Mengutip data Bloomberg, Senin, 12 Februari 2024, nilai tukar rupiah terhadap dolar AS ditutup di level Rp15.595 per USD. Mata uang Garuda tersebut menguat sebanyak 40 poin atau setara 0,19 persen dari posisi Rp15.634 per USD di penutupan perdagangan hari sebelumnya.
"Pada perdagangan sore ini, mata uang rupiah ditutup menguat 40 poin walaupun sebelumnya sempat menguat 45 poin dari penutupan sebelumnya di level Rp15.635 per USD," kata analis pasar uang Ibrahim Assuaibi dalam analisis harian.

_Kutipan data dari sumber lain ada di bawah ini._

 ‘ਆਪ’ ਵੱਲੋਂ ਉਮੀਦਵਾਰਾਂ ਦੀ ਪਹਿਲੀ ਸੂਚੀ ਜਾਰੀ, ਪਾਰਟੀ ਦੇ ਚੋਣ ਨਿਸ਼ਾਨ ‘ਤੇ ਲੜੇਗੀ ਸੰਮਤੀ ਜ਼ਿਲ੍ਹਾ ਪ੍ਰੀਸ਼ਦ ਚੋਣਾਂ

Sementara itu, data Yahoo Finance juga menunjukkan rupiah berada di zona hijau pada posisi Rp15.590 per USD. Rupiah menguat 39 poin atau setara 0,24 persen dari Rp15.629 per USD di penutupan perdagangan hari sebelumnya.

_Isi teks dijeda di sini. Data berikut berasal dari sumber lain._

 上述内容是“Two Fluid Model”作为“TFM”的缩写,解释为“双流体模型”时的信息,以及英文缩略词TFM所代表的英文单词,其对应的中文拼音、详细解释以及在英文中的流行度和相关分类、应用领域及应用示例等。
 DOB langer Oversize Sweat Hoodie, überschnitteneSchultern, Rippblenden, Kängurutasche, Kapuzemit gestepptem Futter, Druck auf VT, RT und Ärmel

Sedangkan berdasar pada data kurs referensi Jakarta Interbank Spot Dollar Rate (Jisdor), rupiah berada di level Rp15.612 per USD. Mata uang Garuda tersebut menguat sebanyak 73 poin dari perdagangan sebelumnya di level Rp15.685 per USD.
Baca juga: Sentimen Pemilu Berkurang, Rupiah Ungguli Dolar AS |
Pertumbuhan ekonomi RI
Ibrahim mengungkapkan, jika melihat kondisi pertumbuhan ekonomi 2023 sebesar 5,05 persen, maka dirinya berpandangan pertumbuhan ekonomi Indonesia akan mencapai 5,07 persen pada tahun ini. Pertumbuhan tersebut, ditopang oleh konsumsi rumah tangga yang terus meningkat.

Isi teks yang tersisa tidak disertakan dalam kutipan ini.